■ **REQUIRED WORK**: Take each line of the data that contains the string "Gold" and copy it.
══ DATA FOR THIS TASK ══
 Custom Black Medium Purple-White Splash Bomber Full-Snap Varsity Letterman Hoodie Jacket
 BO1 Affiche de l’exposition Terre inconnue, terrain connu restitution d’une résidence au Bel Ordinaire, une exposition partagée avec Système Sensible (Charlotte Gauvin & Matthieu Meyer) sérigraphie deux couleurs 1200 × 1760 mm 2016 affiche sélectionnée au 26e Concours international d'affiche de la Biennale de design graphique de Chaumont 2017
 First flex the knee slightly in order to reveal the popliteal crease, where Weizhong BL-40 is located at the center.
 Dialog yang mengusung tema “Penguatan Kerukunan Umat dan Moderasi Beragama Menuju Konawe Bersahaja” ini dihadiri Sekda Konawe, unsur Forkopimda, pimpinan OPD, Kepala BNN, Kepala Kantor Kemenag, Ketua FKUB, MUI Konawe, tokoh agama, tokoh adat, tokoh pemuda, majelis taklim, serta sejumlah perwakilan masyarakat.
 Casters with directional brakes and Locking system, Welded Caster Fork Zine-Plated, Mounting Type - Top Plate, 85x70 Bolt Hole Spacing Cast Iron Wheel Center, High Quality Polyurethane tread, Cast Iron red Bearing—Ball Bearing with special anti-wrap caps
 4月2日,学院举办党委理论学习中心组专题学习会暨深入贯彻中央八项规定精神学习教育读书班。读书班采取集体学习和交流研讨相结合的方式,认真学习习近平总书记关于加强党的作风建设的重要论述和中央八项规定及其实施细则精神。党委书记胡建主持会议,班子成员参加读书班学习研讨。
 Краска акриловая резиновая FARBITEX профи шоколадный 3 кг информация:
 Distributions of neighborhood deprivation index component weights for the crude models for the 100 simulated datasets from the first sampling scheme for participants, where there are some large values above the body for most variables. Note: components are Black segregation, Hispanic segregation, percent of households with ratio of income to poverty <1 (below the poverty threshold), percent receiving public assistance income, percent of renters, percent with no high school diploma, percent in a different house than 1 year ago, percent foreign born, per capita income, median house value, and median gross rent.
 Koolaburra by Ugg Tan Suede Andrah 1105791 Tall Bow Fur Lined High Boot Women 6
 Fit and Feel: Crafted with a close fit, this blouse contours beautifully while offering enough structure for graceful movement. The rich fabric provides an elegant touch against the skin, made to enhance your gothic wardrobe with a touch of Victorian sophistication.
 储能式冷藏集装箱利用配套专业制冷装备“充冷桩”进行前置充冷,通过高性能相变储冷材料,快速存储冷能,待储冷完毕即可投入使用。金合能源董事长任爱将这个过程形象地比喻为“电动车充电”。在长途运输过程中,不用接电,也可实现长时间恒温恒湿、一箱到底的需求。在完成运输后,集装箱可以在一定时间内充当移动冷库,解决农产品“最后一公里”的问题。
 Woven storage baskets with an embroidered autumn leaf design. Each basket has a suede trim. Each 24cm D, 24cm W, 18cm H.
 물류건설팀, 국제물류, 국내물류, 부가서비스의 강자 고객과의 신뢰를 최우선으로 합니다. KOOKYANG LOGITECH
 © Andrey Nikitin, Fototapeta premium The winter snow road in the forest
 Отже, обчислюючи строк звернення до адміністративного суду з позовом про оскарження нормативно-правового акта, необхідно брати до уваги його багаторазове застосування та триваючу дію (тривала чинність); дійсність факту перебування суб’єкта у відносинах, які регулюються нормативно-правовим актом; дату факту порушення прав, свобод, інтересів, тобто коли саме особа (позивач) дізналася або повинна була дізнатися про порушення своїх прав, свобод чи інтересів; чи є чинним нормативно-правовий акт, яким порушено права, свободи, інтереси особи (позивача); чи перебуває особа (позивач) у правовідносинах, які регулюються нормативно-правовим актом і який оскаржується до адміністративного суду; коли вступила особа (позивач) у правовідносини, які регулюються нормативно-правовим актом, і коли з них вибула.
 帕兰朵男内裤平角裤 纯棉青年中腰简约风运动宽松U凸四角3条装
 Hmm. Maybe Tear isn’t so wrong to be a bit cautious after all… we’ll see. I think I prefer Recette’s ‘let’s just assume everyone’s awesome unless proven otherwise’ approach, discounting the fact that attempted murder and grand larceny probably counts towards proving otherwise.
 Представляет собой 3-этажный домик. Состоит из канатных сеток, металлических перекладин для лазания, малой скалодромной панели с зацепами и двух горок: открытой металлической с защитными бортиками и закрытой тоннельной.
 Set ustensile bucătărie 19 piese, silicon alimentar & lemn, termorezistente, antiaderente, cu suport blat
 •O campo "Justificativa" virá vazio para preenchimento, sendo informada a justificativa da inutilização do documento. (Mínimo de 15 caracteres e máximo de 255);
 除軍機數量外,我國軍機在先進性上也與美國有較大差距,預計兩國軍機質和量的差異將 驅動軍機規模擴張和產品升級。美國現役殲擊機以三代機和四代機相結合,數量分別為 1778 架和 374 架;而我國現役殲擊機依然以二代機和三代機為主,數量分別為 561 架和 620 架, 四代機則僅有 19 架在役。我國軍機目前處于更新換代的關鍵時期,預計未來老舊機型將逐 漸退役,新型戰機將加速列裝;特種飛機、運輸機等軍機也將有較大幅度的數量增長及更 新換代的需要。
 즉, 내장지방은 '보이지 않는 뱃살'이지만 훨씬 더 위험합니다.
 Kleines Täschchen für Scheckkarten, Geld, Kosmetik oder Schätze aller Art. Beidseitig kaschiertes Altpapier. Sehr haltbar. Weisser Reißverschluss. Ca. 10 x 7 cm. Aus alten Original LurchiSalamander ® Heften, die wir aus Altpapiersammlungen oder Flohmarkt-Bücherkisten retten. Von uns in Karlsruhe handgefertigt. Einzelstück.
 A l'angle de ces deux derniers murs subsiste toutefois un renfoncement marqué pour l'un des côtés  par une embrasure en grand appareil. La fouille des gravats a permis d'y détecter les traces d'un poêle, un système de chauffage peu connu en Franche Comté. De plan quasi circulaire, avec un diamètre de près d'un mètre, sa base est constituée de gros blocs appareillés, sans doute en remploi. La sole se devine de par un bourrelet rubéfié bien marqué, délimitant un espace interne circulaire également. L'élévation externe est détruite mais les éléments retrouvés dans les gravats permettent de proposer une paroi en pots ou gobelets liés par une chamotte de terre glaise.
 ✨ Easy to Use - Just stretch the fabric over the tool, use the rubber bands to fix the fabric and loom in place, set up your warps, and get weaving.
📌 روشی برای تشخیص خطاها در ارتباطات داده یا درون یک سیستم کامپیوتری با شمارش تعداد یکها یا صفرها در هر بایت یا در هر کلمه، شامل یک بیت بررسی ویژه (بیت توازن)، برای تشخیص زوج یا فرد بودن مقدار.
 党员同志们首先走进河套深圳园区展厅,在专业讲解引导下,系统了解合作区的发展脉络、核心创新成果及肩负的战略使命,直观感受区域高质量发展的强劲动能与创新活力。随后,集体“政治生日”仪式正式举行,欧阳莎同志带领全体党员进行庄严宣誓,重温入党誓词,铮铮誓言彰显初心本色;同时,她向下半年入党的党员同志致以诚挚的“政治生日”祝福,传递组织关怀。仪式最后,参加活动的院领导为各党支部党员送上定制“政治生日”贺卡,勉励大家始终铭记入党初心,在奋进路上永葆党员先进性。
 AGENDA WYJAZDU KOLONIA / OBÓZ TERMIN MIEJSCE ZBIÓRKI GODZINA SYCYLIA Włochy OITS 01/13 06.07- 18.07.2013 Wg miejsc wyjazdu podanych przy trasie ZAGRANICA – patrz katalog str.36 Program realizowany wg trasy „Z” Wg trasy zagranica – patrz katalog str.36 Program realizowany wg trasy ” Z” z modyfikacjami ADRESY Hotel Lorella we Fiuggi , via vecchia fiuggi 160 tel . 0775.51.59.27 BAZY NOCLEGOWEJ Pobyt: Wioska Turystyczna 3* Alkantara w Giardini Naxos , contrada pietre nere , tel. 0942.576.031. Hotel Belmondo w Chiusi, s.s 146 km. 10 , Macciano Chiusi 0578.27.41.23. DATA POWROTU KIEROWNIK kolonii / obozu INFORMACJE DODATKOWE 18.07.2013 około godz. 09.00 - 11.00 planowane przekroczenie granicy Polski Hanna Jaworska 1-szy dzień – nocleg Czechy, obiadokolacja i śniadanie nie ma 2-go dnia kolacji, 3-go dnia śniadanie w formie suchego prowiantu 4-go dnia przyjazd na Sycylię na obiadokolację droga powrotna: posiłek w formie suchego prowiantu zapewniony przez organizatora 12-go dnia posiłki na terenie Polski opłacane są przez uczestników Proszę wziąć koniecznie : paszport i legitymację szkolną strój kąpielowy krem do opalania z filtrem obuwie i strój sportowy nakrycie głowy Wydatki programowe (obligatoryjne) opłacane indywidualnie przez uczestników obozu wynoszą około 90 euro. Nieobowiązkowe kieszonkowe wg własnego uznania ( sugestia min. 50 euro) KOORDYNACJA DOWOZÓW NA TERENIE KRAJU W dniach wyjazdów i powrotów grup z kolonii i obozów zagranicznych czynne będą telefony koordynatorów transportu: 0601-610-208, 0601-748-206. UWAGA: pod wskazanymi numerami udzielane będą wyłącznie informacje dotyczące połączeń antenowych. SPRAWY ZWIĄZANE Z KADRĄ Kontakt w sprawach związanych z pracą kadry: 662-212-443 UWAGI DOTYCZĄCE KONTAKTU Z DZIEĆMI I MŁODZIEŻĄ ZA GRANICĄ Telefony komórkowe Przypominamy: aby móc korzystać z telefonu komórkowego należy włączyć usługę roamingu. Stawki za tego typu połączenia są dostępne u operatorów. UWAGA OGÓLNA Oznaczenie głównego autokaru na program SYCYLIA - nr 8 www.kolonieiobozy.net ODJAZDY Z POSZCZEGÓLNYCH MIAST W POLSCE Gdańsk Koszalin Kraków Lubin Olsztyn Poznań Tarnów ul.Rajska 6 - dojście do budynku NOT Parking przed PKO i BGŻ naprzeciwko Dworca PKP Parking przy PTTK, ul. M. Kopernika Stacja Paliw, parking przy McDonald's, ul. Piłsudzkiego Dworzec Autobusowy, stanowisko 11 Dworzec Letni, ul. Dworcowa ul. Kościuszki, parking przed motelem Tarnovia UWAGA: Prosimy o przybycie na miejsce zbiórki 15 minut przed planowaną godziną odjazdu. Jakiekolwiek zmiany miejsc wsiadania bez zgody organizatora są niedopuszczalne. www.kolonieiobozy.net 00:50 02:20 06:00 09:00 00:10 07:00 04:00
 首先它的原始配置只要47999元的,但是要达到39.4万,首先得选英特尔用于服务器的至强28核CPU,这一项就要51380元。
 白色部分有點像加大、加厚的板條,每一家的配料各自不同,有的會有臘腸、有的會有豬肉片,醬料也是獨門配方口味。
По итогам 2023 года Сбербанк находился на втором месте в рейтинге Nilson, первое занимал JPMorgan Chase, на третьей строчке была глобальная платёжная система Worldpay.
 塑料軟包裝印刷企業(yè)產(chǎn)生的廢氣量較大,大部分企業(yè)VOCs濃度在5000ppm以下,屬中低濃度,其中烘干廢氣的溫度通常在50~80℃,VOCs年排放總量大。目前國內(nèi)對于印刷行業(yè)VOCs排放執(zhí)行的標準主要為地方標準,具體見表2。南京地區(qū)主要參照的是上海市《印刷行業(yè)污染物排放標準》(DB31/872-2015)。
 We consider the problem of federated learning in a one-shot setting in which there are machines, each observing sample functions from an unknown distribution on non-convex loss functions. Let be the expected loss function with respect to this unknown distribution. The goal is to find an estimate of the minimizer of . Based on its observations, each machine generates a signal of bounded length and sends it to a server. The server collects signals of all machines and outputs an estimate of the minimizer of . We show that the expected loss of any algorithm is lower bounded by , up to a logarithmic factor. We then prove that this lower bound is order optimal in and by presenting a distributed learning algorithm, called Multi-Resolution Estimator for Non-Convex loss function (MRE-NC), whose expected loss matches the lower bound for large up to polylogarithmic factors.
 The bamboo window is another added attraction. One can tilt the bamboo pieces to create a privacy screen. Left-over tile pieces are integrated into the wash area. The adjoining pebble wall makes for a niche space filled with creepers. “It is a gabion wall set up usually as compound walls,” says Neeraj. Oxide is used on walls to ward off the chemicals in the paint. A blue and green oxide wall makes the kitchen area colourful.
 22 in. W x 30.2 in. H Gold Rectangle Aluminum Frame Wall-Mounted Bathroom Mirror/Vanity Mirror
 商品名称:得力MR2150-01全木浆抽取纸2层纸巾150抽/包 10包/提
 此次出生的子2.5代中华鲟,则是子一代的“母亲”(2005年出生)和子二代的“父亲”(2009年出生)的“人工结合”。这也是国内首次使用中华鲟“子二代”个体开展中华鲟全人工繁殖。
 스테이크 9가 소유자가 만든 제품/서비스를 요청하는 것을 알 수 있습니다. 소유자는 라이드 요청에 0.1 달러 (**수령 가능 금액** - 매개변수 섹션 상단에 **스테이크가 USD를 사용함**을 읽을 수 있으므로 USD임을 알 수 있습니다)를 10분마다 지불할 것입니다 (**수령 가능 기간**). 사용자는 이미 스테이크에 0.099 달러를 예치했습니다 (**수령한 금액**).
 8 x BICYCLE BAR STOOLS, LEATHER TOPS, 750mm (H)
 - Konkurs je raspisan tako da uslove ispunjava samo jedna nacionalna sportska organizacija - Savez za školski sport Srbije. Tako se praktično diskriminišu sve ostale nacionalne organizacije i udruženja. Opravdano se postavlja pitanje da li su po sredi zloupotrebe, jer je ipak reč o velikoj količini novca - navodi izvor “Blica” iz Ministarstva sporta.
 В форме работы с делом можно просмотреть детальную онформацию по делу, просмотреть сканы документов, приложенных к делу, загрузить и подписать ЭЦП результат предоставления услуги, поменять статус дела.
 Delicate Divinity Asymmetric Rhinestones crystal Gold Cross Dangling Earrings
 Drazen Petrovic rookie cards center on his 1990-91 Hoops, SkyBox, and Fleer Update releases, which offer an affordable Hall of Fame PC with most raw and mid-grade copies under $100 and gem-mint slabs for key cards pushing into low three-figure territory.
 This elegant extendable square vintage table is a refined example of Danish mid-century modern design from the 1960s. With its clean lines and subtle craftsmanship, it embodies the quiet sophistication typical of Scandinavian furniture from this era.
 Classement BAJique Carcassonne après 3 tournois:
═══
■ **RESPONSE FOR THIS EXERCISE**:
 22 in. W x 30.2 in. H Gold Rectangle Aluminum Frame Wall-Mounted Bathroom Mirror/Vanity Mirror
 Delicate Divinity Asymmetric Rhinestones crystal Gold Cross Dangling Earrings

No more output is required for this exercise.